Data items
[Start of Attachment]
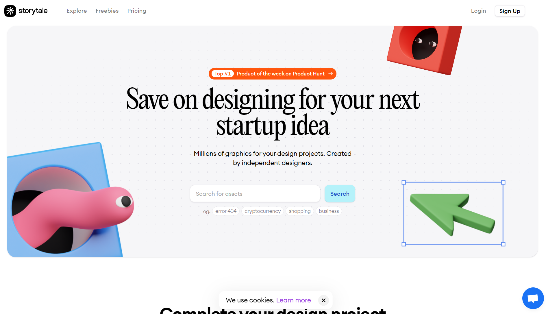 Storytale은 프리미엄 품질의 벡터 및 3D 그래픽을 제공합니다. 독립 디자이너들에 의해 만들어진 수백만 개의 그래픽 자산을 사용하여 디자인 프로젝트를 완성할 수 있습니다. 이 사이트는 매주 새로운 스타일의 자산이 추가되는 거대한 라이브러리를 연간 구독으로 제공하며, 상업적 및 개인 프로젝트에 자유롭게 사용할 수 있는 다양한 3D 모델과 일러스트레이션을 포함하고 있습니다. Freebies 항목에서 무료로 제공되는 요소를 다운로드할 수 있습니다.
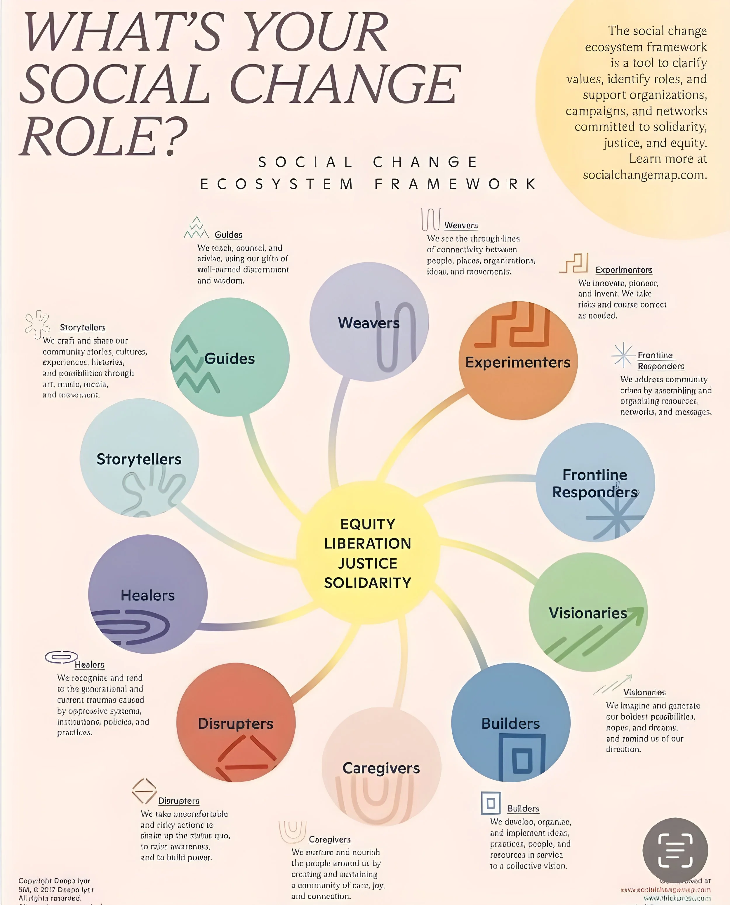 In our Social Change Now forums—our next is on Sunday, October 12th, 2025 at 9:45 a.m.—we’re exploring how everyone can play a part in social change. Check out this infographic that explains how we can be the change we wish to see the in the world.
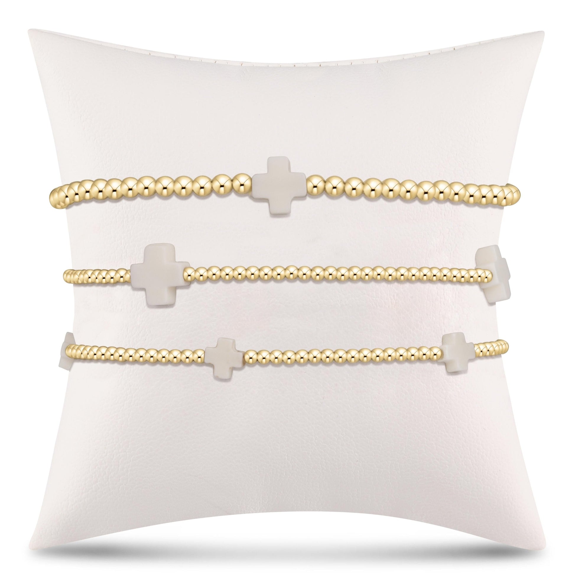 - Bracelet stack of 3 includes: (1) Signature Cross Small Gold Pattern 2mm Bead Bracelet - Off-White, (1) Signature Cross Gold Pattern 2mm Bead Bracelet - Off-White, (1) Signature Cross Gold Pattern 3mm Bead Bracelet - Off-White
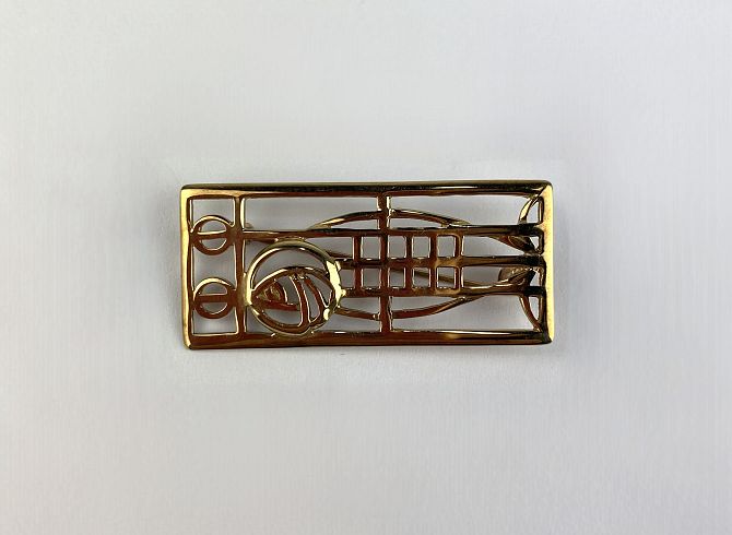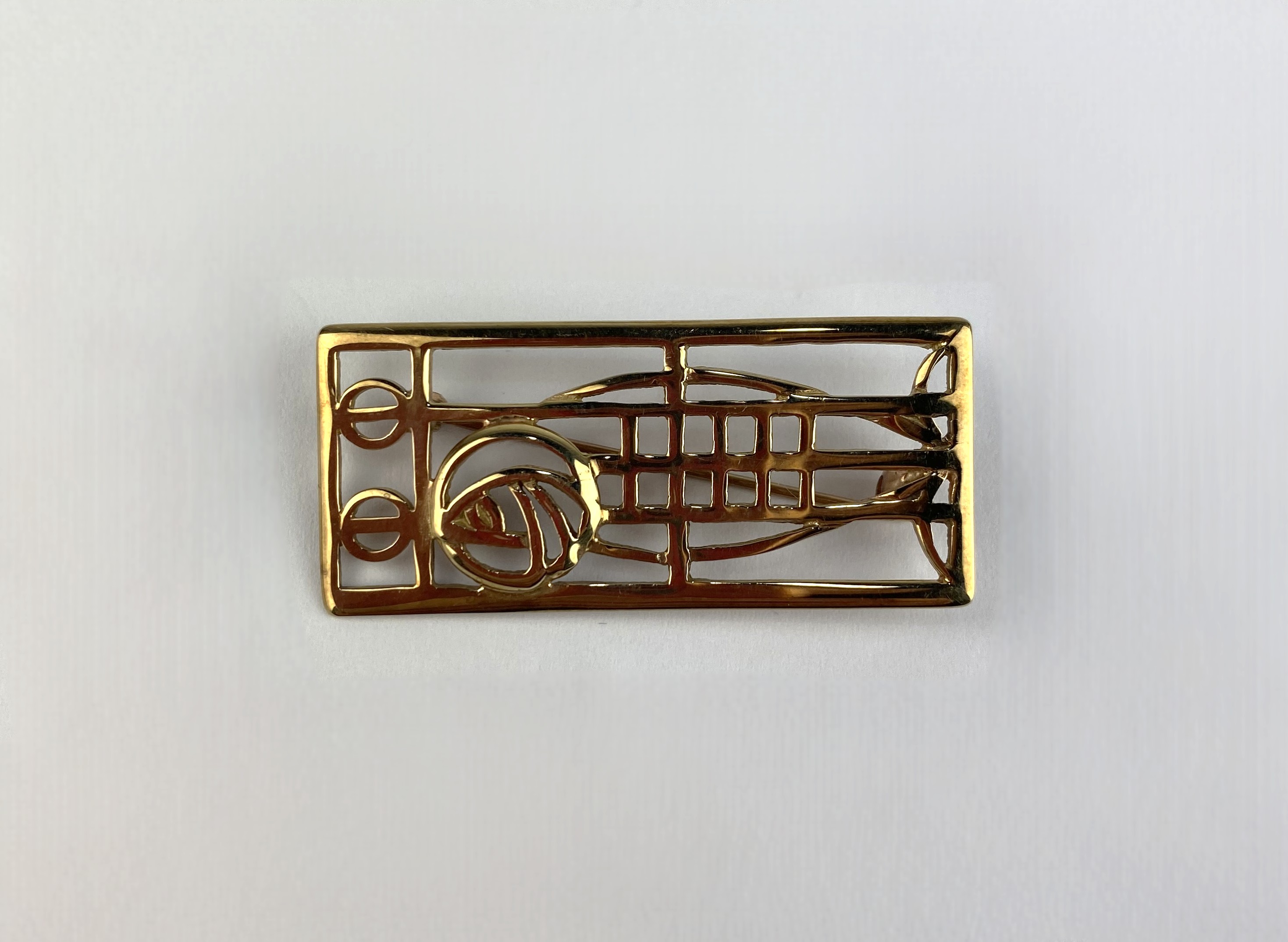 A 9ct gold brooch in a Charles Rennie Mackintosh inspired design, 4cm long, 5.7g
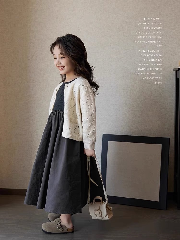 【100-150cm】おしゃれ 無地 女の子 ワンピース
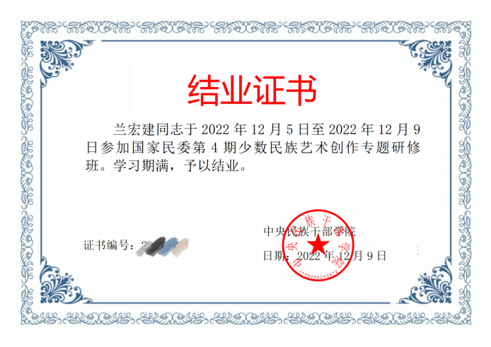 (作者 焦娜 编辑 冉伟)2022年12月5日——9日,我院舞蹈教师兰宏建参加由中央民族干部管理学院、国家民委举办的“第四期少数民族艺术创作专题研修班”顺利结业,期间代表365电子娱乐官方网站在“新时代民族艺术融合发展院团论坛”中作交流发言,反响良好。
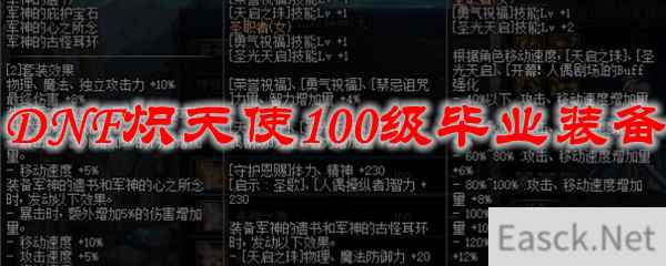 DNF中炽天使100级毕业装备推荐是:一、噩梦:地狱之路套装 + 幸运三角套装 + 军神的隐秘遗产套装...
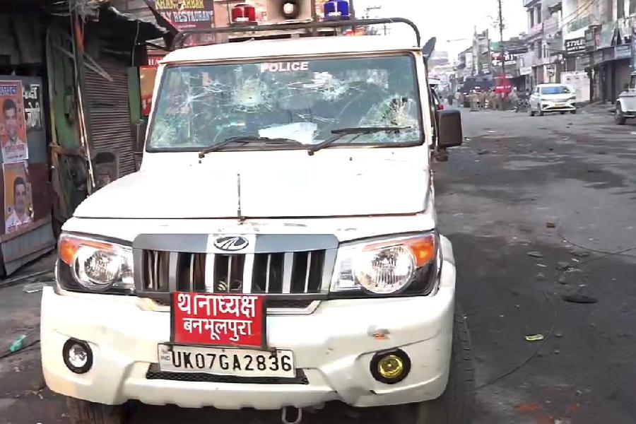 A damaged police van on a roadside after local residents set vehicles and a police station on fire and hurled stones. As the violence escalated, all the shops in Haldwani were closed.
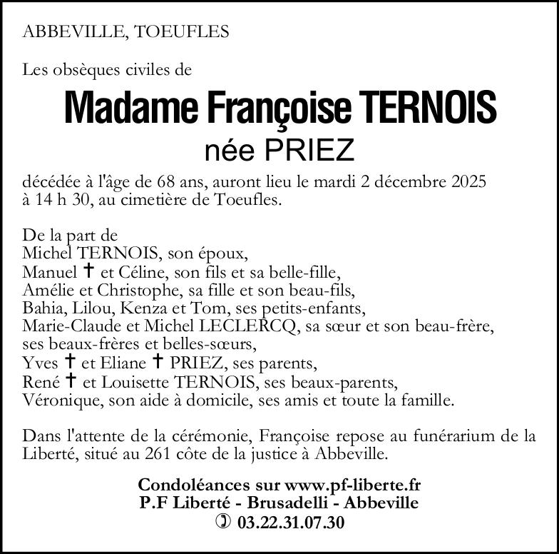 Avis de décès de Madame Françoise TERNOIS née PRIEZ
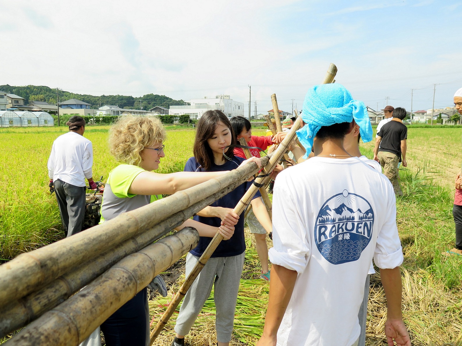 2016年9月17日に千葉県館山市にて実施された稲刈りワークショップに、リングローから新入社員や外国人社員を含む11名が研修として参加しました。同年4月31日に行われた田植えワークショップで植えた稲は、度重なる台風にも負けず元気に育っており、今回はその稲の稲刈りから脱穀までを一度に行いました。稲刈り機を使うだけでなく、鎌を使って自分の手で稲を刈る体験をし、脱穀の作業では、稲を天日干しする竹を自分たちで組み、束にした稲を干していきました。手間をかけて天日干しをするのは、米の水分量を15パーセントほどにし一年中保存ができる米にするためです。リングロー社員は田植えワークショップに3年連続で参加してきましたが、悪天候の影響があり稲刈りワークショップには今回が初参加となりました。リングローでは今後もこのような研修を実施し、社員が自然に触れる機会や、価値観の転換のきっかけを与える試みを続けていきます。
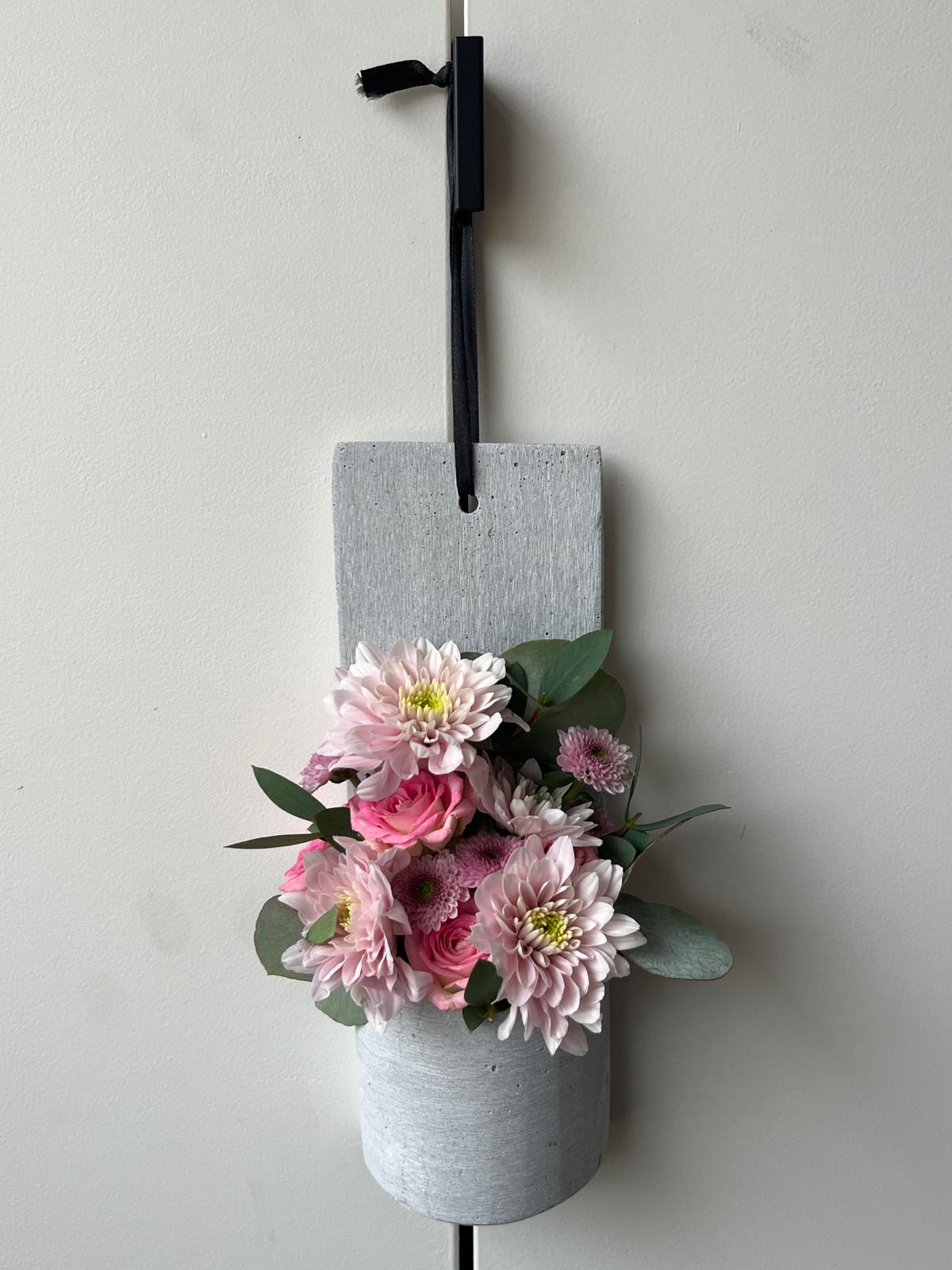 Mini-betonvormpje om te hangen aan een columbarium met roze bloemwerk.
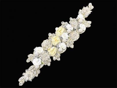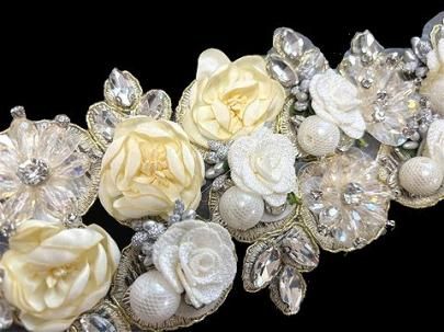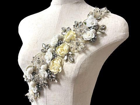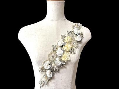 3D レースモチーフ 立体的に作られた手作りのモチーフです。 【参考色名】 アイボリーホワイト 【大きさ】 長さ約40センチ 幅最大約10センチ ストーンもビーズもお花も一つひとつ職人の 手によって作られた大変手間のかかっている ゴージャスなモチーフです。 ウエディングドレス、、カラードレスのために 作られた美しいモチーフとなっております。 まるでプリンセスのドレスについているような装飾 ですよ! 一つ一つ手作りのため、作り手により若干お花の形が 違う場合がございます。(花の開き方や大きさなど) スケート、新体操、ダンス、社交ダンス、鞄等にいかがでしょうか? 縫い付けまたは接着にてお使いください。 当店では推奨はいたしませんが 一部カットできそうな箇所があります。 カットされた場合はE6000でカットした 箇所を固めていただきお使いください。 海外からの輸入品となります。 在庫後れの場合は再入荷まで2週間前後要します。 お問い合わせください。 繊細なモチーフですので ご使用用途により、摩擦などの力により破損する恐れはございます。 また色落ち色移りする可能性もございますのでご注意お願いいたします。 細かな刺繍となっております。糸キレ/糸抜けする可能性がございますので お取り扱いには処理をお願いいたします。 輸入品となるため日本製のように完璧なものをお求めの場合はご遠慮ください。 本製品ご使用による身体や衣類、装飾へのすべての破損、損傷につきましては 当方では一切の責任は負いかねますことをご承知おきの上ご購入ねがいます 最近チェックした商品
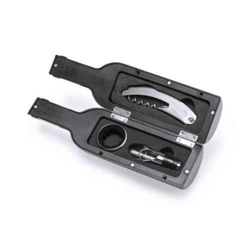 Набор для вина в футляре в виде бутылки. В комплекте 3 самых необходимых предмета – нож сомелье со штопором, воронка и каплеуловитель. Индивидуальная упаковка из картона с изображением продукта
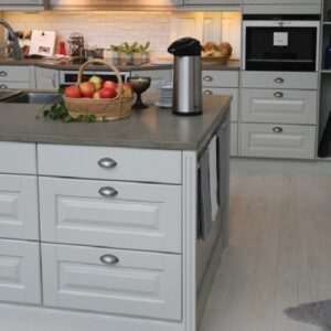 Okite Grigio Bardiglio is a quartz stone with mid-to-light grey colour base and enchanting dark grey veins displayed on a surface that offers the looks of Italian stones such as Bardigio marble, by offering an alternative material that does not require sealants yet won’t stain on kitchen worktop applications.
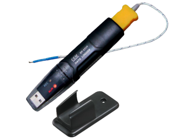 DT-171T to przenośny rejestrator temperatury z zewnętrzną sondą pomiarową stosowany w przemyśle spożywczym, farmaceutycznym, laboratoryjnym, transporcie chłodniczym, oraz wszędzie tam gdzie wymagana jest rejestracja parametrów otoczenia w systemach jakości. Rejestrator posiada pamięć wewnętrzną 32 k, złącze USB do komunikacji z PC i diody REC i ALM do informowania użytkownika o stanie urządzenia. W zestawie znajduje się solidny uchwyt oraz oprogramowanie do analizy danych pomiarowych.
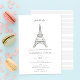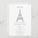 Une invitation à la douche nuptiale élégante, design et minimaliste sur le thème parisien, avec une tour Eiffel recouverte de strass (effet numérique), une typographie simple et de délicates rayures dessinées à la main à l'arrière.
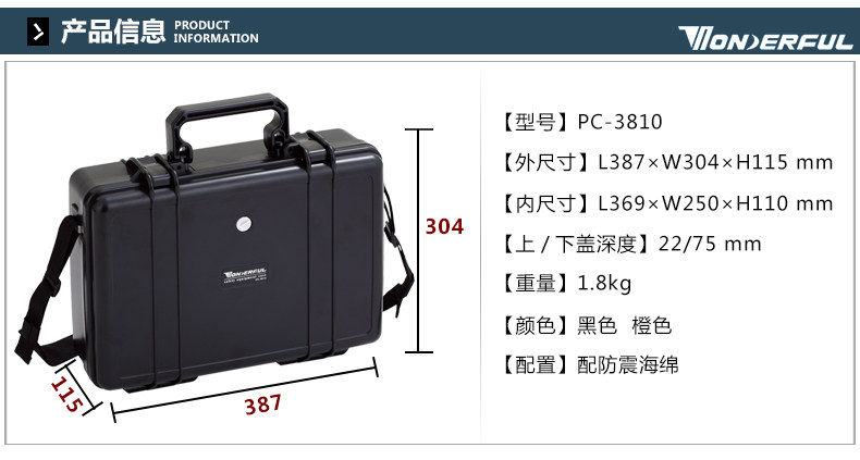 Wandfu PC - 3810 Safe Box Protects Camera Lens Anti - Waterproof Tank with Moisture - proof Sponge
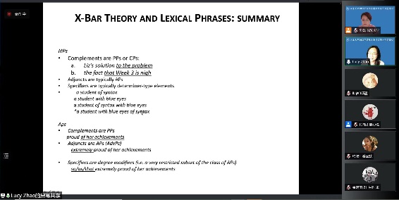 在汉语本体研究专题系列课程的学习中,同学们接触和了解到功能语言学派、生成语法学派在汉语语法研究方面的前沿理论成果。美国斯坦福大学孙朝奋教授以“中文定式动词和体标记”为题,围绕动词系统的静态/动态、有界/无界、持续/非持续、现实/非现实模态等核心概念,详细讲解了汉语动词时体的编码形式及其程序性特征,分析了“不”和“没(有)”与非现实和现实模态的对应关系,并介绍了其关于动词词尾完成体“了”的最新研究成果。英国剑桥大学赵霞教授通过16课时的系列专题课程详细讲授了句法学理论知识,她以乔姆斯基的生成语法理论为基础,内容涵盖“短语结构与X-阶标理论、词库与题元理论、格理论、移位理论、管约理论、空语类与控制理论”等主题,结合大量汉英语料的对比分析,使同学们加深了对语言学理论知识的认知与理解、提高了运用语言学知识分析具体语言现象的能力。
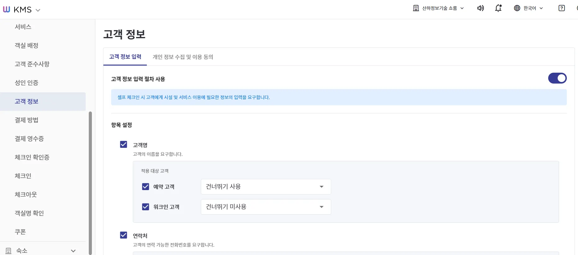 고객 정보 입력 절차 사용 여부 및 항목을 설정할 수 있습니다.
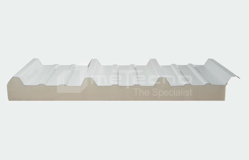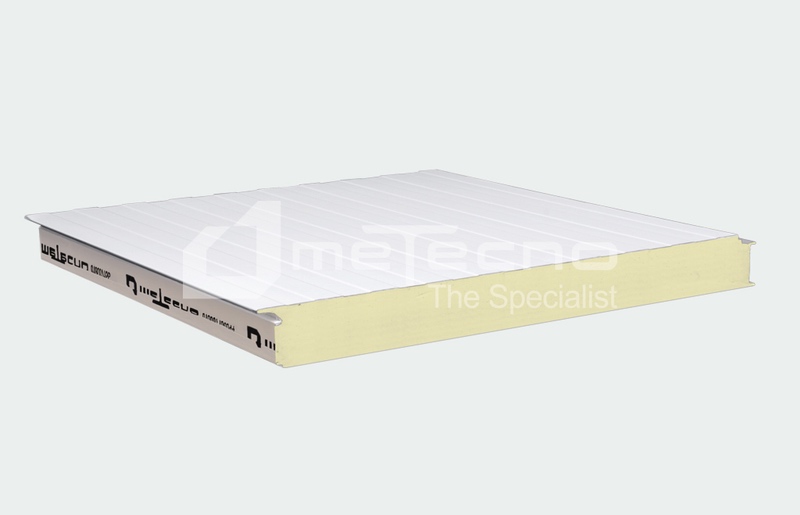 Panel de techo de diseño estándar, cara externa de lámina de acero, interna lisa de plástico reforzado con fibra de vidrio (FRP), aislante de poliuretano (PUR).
[End of Attachment]
Work task → Please copy the lines above exactly, starting at the line that holds "Avis de décès" and ending at the line that holds "3D レースモチーフ 立体的に作られた手作りのモチーフです。"; include both, but no pictures.

Exercise response →
 Avis de décès de Madame Françoise TERNOIS née PRIEZ
 2016年9月17日に千葉県館山市にて実施された稲刈りワークショップに、リングローから新入社員や外国人社員を含む11名が研修として参加しました。同年4月31日に行われた田植えワークショップで植えた稲は、度重なる台風にも負けず元気に育っており、今回はその稲の稲刈りから脱穀までを一度に行いました。稲刈り機を使うだけでなく、鎌を使って自分の手で稲を刈る体験をし、脱穀の作業では、稲を天日干しする竹を自分たちで組み、束にした稲を干していきました。手間をかけて天日干しをするのは、米の水分量を15パーセントほどにし一年中保存ができる米にするためです。リングロー社員は田植えワークショップに3年連続で参加してきましたが、悪天候の影響があり稲刈りワークショップには今回が初参加となりました。リングローでは今後もこのような研修を実施し、社員が自然に触れる機会や、価値観の転換のきっかけを与える試みを続けていきます。
 Mini-betonvormpje om te hangen aan een columbarium met roze bloemwerk.
 3D レースモチーフ 立体的に作られた手作りのモチーフです。 【参考色名】 アイボリーホワイト 【大きさ】 長さ約40センチ 幅最大約10センチ ストーンもビーズもお花も一つひとつ職人の 手によって作られた大変手間のかかっている ゴージャスなモチーフです。 ウエディングドレス、、カラードレスのために 作られた美しいモチーフとなっております。 まるでプリンセスのドレスについているような装飾 ですよ! 一つ一つ手作りのため、作り手により若干お花の形が 違う場合がございます。(花の開き方や大きさなど) スケート、新体操、ダンス、社交ダンス、鞄等にいかがでしょうか? 縫い付けまたは接着にてお使いください。 当店では推奨はいたしませんが 一部カットできそうな箇所があります。 カットされた場合はE6000でカットした 箇所を固めていただきお使いください。 海外からの輸入品となります。 在庫後れの場合は再入荷まで2週間前後要します。 お問い合わせください。 繊細なモチーフですので ご使用用途により、摩擦などの力により破損する恐れはございます。 また色落ち色移りする可能性もございますのでご注意お願いいたします。 細かな刺繍となっております。糸キレ/糸抜けする可能性がございますので お取り扱いには処理をお願いいたします。 輸入品となるため日本製のように完璧なものをお求めの場合はご遠慮ください。 本製品ご使用による身体や衣類、装飾へのすべての破損、損傷につきましては 当方では一切の責任は負いかねますことをご承知おきの上ご購入ねがいます 最近チェックした商品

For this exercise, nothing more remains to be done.